State explosion happens when you add too many states. If every combination of flags becomes a state, the enum grows unmanageable. The match expression becomes a wall of text. When this happens, consider splitting the machine. Use a sub-state machine for a complex part. Or use the State pattern with traits, where each state is a struct implementing a common interface.
Guard clauses let you add conditions without creating new states. If you have a state that depends on a counter, you can check the counter in the match arm. This keeps the state count low. However, too many guards make the match hard to read. If guards get complex, consider splitting the state.

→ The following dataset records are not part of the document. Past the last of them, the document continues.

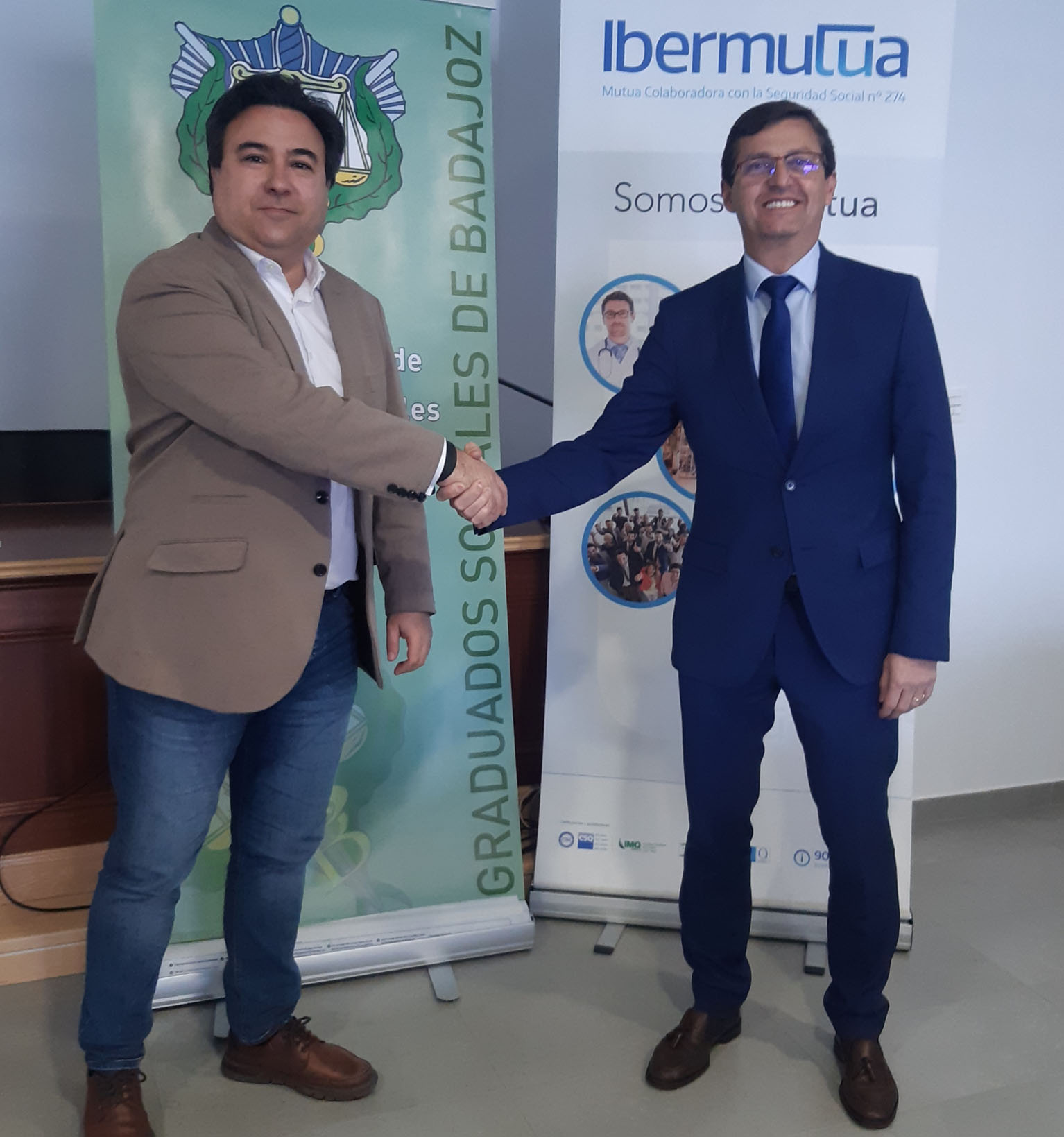 (Badajoz, 15 de febrero de 2022). Ibermutua, Mutua colaboradora con la Seguridad Social, y el Colegio Oficial de Graduados Sociales de Badajoz han firmado un convenio de colaboración cuyo objetivo es el de facilitar la divulgación adecuada de las novedades normativas en materia de Seguridad Social, con especial dedicación a las prestaciones responsabilidad de la Mutua, a través de distintos canales de comunicación.
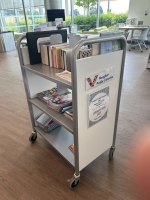 Through an innovative partnership with the hospital's volunteer department, we have developed a Library Book Cart. Facilitated by hospital volunteers, this cart goes room-to-room, delivering library materials. Book cart Items are purposefully curated to be engaging, informative, thematically appropriate, and in a variety of languages.
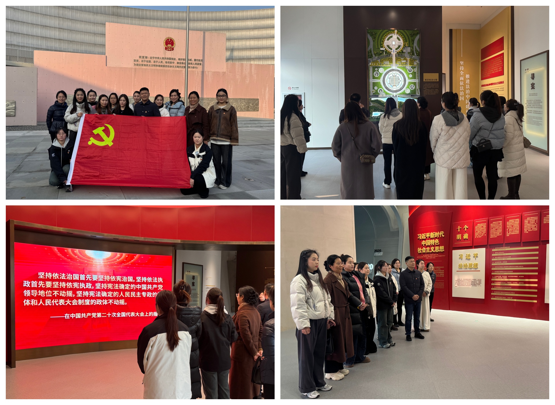 随后,全体党员转赴南京宪法主题公园开展宪法学习实践。通过参观“寻宪、制宪、修宪、奉宪”等主题教育展区,全体党员系统回顾了中国共产党领导人民探索、确立和发展宪法制度的伟大历程,深刻认识到中国特色社会主义法治道路的必然性与优越性。一幅幅历史图片、一件件文献实物,生动诠释了宪法在国家治理和社会生活中根本性、全局性的地位。
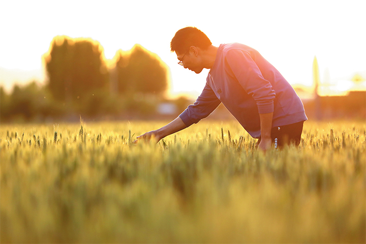 4月25日,農(nóng)民在克井鎮(zhèn)大東許村麥田查看小麥長勢。
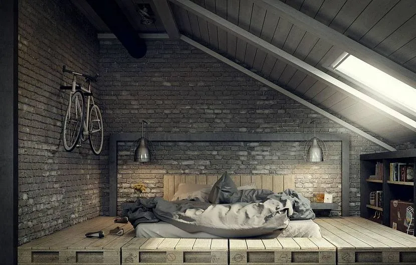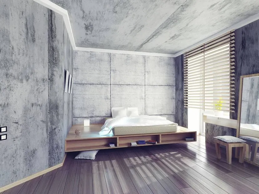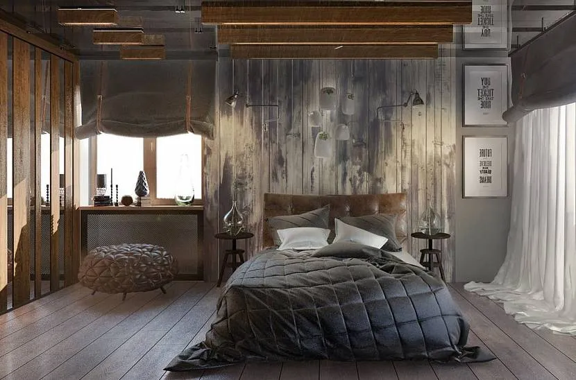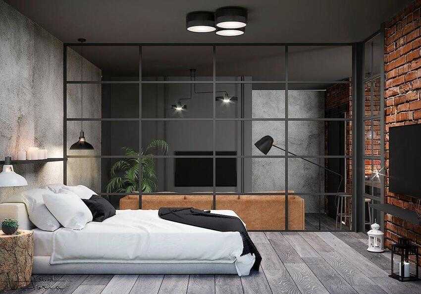 Мебель спальни в грубом оформлении поддерживает общую концепцию – лаконичность и простую геометрию. Кровать и система хранения сливаются со стенами. При помощи металлических стеллажей отделяют зону отдыха от кабинета (учебной части). На фоне интерьера выделяются полки с подчеркнутой шероховатостью дерева или бетона. Встроенные гардеробные не заметны при первом взгляде, часто повторяют текстуру отделки.
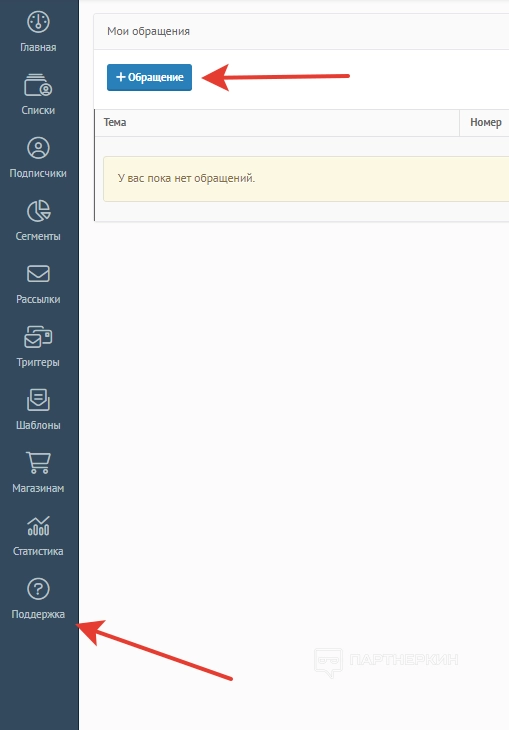 Чтобы связаться с техподдержкой, открываем раздел «Поддержка» и кликаем на кнопку «Обращение» в левом верхнем углу.
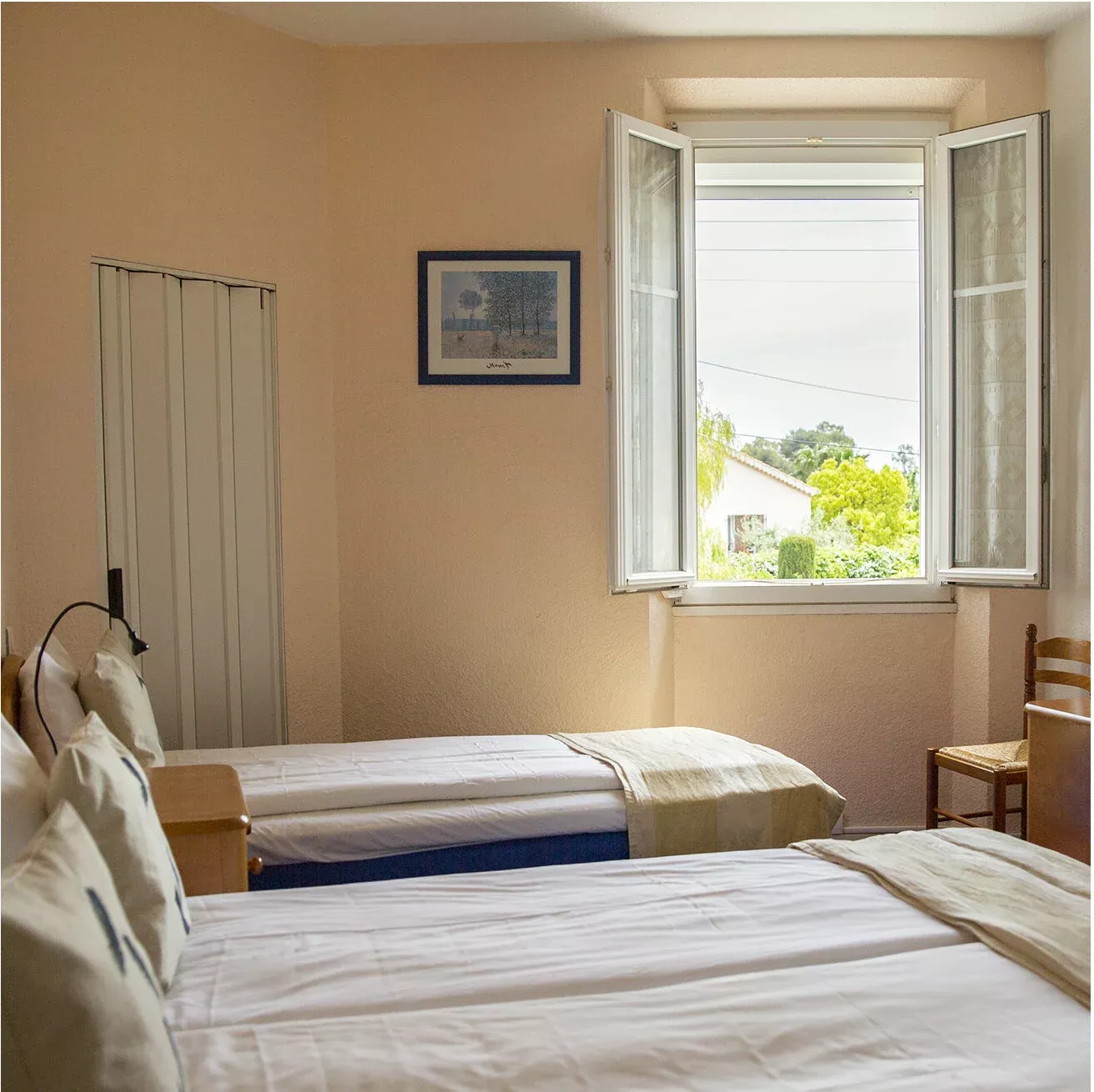 A family hotel (former Hotel Jardin des Arenas) we had in our program for years, with a new redesigned and elegant garden on the rear where breakfast is served in the morning under large white Italian tents. Very centrally located, about 300 meters from the beach and close walking distance to our classes. Cozy, very clean, with a nice homey atmosphere. No elevator but there are only three floors. All the rooms are with shower, WC, new extra flat LCD tv screens, free WIFI Internet, air conditioning, large single bed, alternatively twin beds, depending on price and availability. Two rooms with shower only are at a lower rate and have free WC in the hall. https://saintraphaelhotel.com/le-prado-de-st-raph/

Treat the state as immutable during the transition. Compute the next state, then replace the old one. The compiler will force this discipline.
When to use this approach
Rust offers several ways to model state. Pick the right tool based on complexity and distribution.
Use an enum-based FSM when the number of states is small and transitions are local. The match expression stays readable, and the compiler catches missing cases. This is the default choice for most state machines in Rust.
Use the State pattern with traits when transitions are complex and distributed across many modules. Each state becomes a struct implementing a trait, and the transition logic lives inside the state. This adds indirection and runtime cost, but it lets you split the code across files.
Use a library like xstatrs when you need visualization, serialization, or complex guards that make manual code too verbose. Libraries handle boilerplate and provide tools for debugging. They add a dependency, so weigh the cost against the benefit.
Reach for simple if/else chains when the logic is linear and state is just a flag. An FSM adds structure you don't need. If the system only has two states and one transition, a boolean is enough.
Counter-intuitive but true: the more states you add, the more value the enum gives you. The compiler's exhaustiveness check becomes a powerful asset as the machine grows.